■ **Task goal**
Your output should be the exact lines from the start of the data through the line containing "ЧЕРНЫШОВ А. Ю.", with no pictures.

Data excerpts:
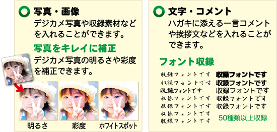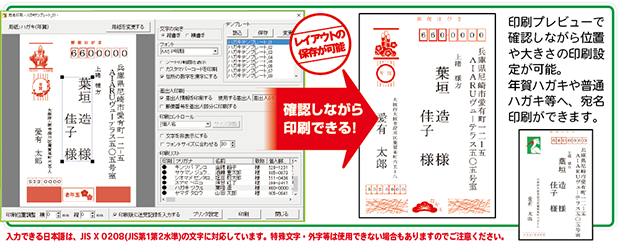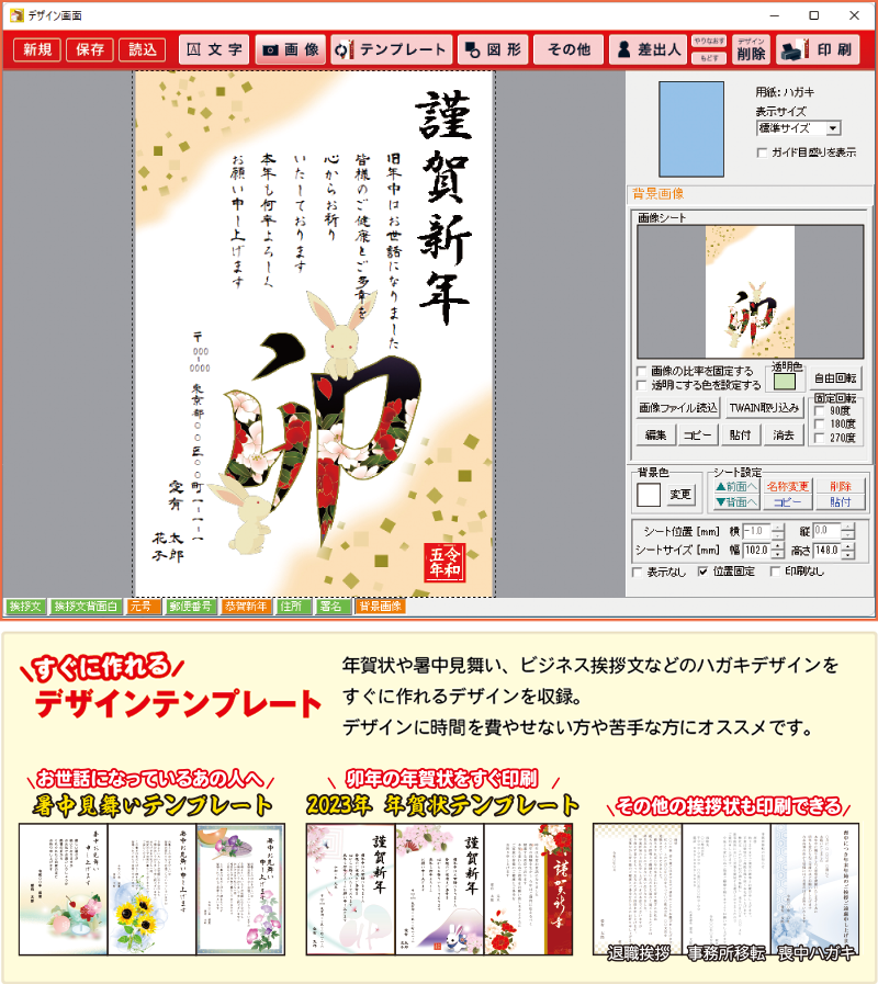 デザインされたテンプレートを使ったハガキ裏面の印刷や、
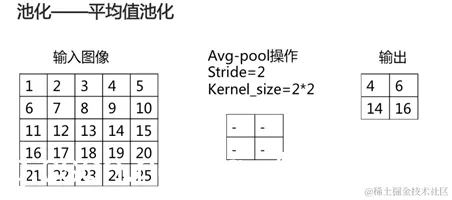 池化层又称为降采样层(Downsampling Layer),作用是对感受域内的特征进行筛选,提取区域内最具代表性的特征,能够有效地降低输出特征尺度,进而减少模型所需要的参数量。按操作类型通常分为最大池化(Max Pooling)、平均池化(Average Pooling)和求和池化(Sum Pooling),它们分别提取感受域内最大、平均与总和的特征值作为输出,最常用的是最大池化。
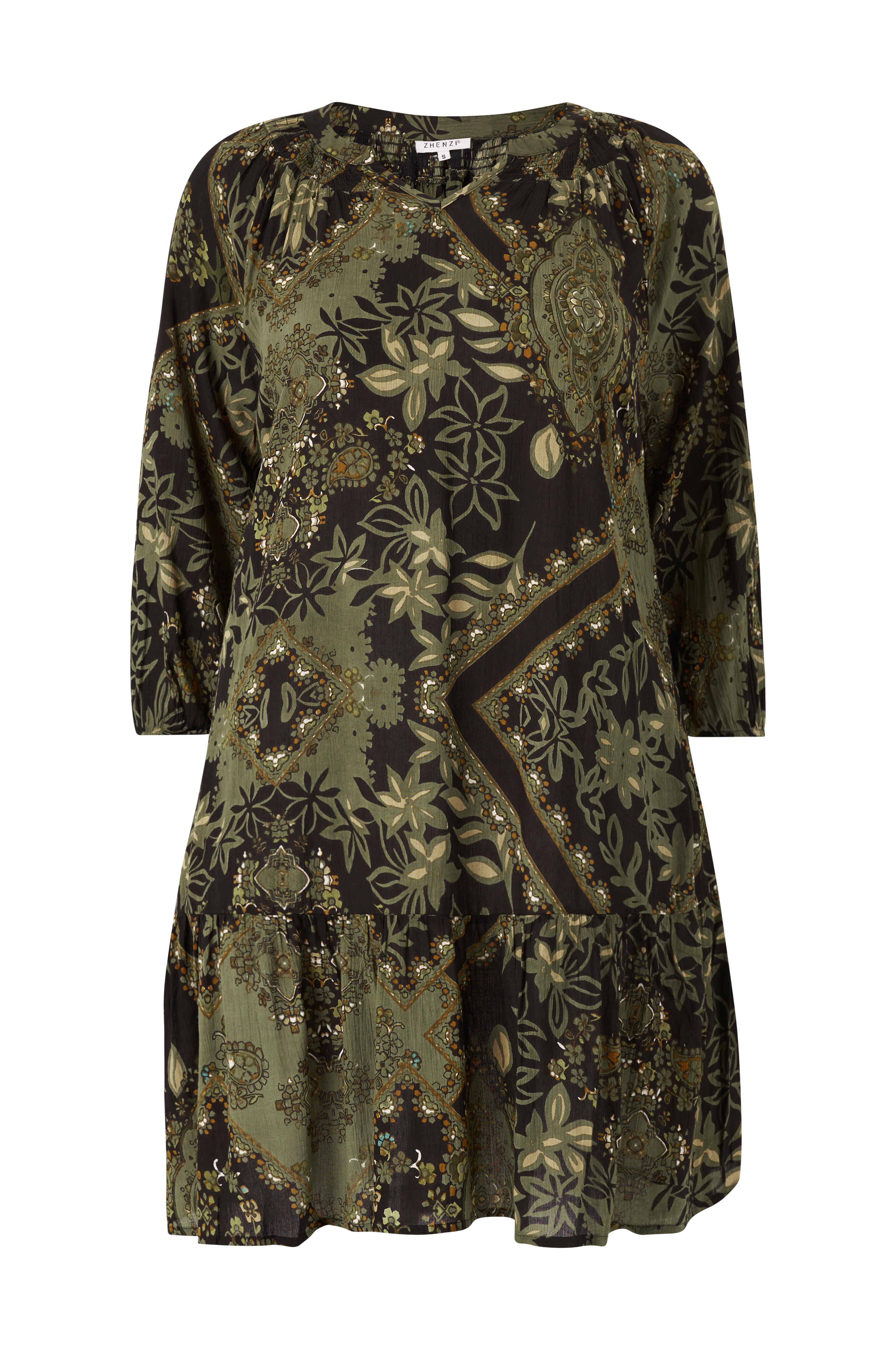 • Store størrelser• Model med svaj• Halsudskæring med smock hele vejen rundt og ventilation foran• Bredt raglanærme med elastisk manchet• Bred volant nederst• Længde: 103 cm i størrelse S
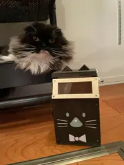 私が以前のにゃん祭りの時に、孫にゃんにプレゼント🎁で、作りました、ちゅ~るBOXと、 ムースです🐈⬛。 ワゴンの下がお気に入りのようです🤭(=^ェ^=)
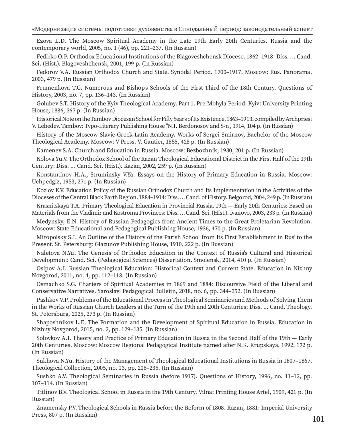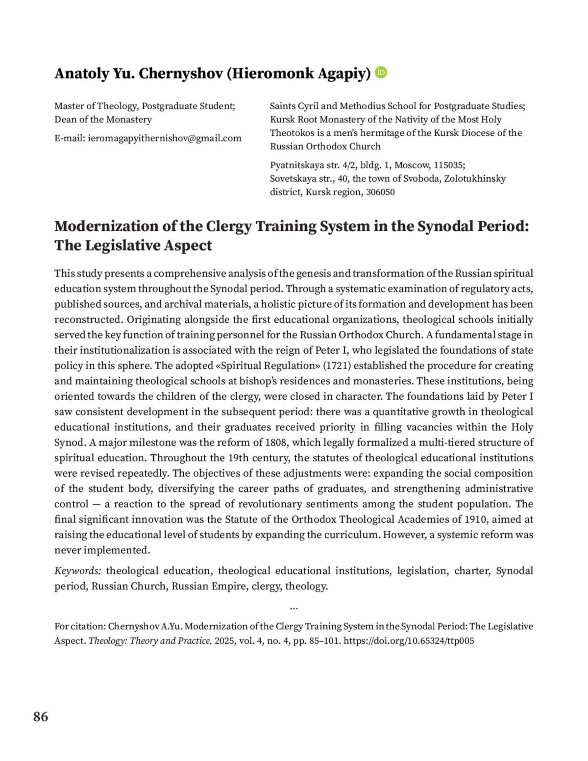 ЧЕРНЫШОВ А. Ю. МОДЕРНИЗАЦИЯ СИСТЕМЫ ПОДГОТОВКИ ДУХОВЕНСТВА В СИНОДАЛЬНЫЙ ПЕРИОД: ЗАКОНОДАТЕЛЬНЫЙ АСПЕКТ // ТЕОЛОГИЯ: ТЕОРИЯ И ПРАКТИКА. 2025. № 3, ТОМ 4
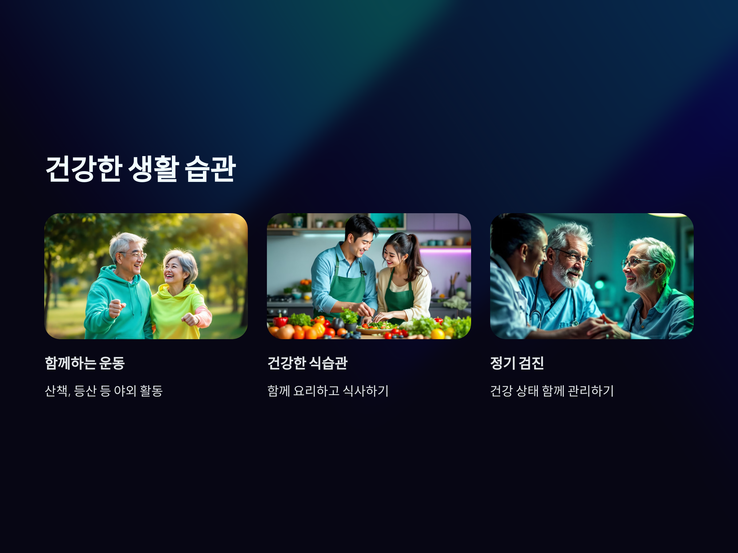 50대 이후에는 건강 관리가 중요해집니다. 부부가 함께 운동하거나 건강한 식습관을 공유하는 것은 두 사람의 관계를 더욱 강화할 수 있는 좋은 방법입니다. 함께 운동을 하거나, 취미로 산책을 즐기며 건강을 챙기면, 자연스럽게 유대감도 더욱 강화됩니다. 건강한 생활을 통해 몸과 마음이 모두 건강해지면, 두 사람은 함께 더 오래 행복한 시간을 보낼 수 있을 것입니다.

■ **Answer section**
 デザインされたテンプレートを使ったハガキ裏面の印刷や、
 池化层又称为降采样层(Downsampling Layer),作用是对感受域内的特征进行筛选,提取区域内最具代表性的特征,能够有效地降低输出特征尺度,进而减少模型所需要的参数量。按操作类型通常分为最大池化(Max Pooling)、平均池化(Average Pooling)和求和池化(Sum Pooling),它们分别提取感受域内最大、平均与总和的特征值作为输出,最常用的是最大池化。
 • Store størrelser• Model med svaj• Halsudskæring med smock hele vejen rundt og ventilation foran• Bredt raglanærme med elastisk manchet• Bred volant nederst• Længde: 103 cm i størrelse S
 私が以前のにゃん祭りの時に、孫にゃんにプレゼント🎁で、作りました、ちゅ~るBOXと、 ムースです🐈⬛。 ワゴンの下がお気に入りのようです🤭(=^ェ^=)
 ЧЕРНЫШОВ А. Ю. МОДЕРНИЗАЦИЯ СИСТЕМЫ ПОДГОТОВКИ ДУХОВЕНСТВА В СИНОДАЛЬНЫЙ ПЕРИОД: ЗАКОНОДАТЕЛЬНЫЙ АСПЕКТ // ТЕОЛОГИЯ: ТЕОРИЯ И ПРАКТИКА. 2025. № 3, ТОМ 4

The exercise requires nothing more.